Krousar Thmey is a non-religious and apolitical NGO that was created in 1991 in a refugee camp on the Thai border and started work in Cambodia soon after. Krousar Thmey has been training government teachers in sign language and braille to teach in integrated classes for deaf and blind pupils.

The national educational curriculum is customised for those enrolled in Krousar Thmey’s educational programmes, which have been described as the only ones to offer education in accordance with the national curriculum that has been adapted for students with disabilities.

The institution has been developing tools, such as Khmer books written in braille, to allow children to have access to education. Also, a Khmer sign language has been created based on American Sign Language.

Earlier this year, two deaf students graduated from high school, marking a milestone for Cambodia’s severely hearing-impaired.

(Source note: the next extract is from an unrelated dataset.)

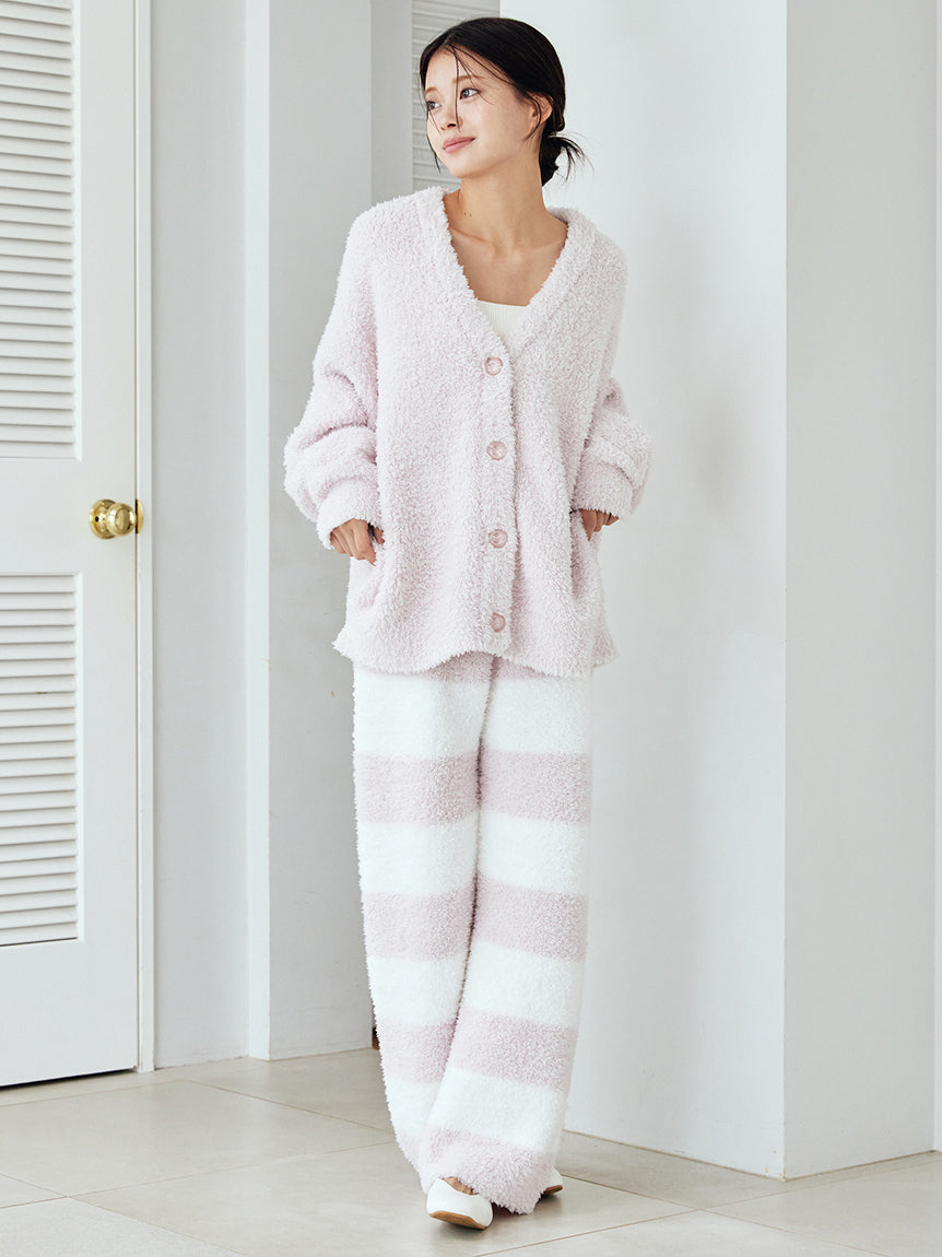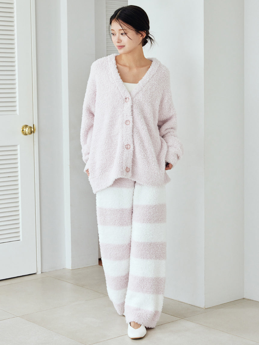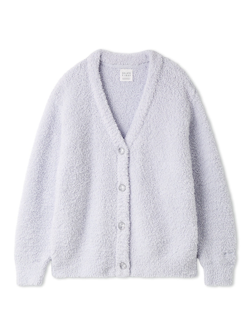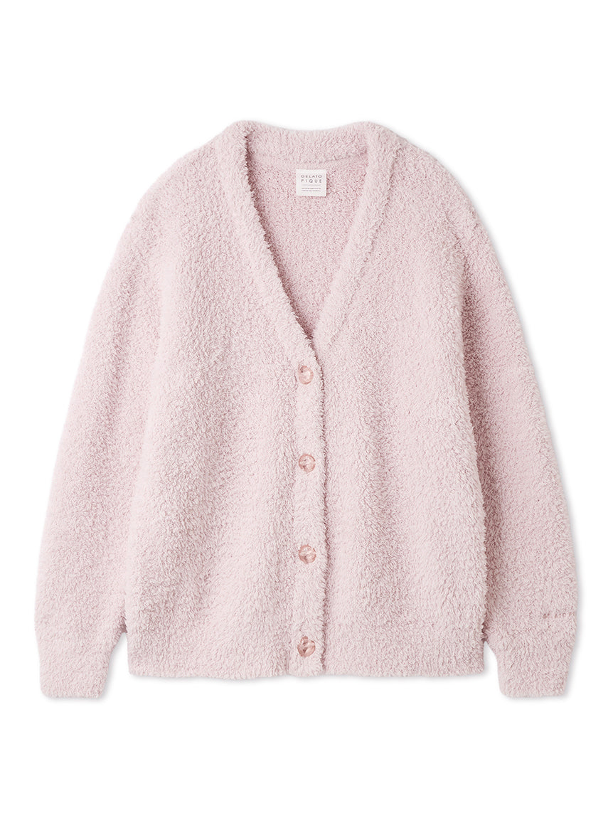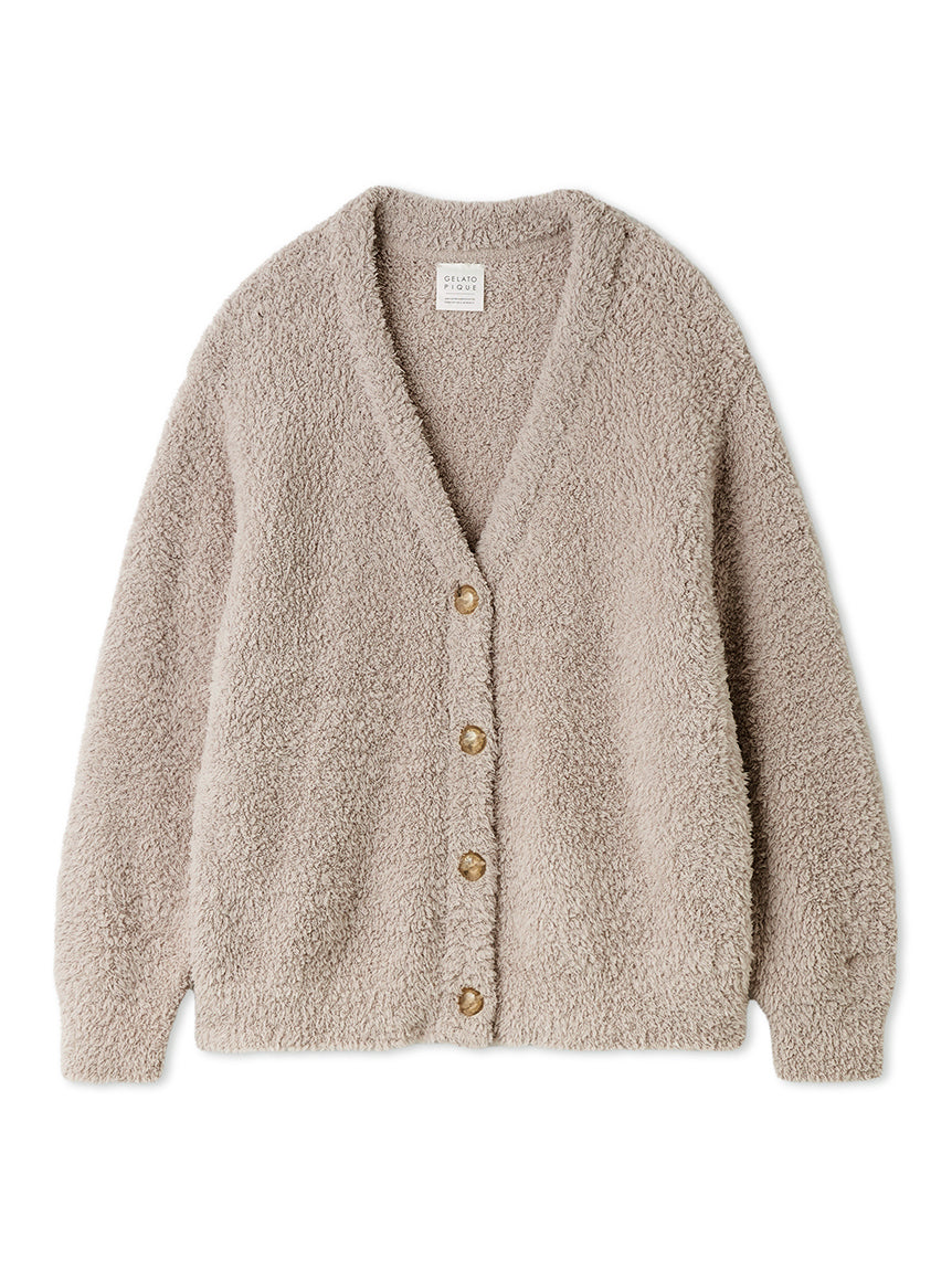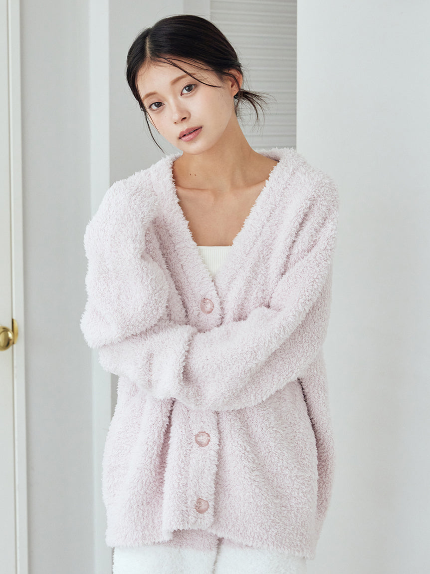 This warm-color cardigan, made from the classic fluffy Gelato material, features rich, deep hues perfect for the autumn and winter seasons. The relaxed, cozy fit makes it easy to throw on, while the shimmering buttons engraved with the brand logo add a charming touch. A subtle embroidered logo accents the left cuff. Available in three colors—pink, blue, and mocha. It pairs beautifully with other items released during the same season.

Julien Strens, communication officer at Krousar Thmey says: “As children are getting older and graduating, there is a need of developing vocational training for them. Thanks to partnerships with other NGOs, the children can attend vocational training in various fields, such as cooking, sewing, welding and computer skills.

“This programme is still to be strengthened. It will help them become autonomous and responsible adults.”

Unfortunately, many people lack awareness of the needs of the blind and deaf, activists say.

Without job training, it can be exceptionally difficult for these children to secure good jobs, earn money for themselves, be independent of their families or support families of their own. Education plays a critical role in empowering the blind and deaf to surmount society’s challenges.

Advocacy campaigns have been developed by Krousar Thmey since 2005 to face this matter.

During school holidays, some blind and deaf children tour around the provinces to perform. The theatre scenes represent the obstacles that handicapped people have to face in every day life. In weekly bulletins, news on television is broadcasted in sign language.

Much remains to be done in many developing countries like Cambodia, but it is often difficult to educate people about the marginalisation of those with hearing and vision handicaps when so many others, marginalised by economic or other factors, are struggling to take care of their own families.

However, there are many indications that progress is taking place.

With the support of NGOs and charities, there is evidence of growing awareness of the needs of the blind and deaf for special assistance or amenities. Educating Cambodians about those special needs offers the promise of opportunities for these young learners.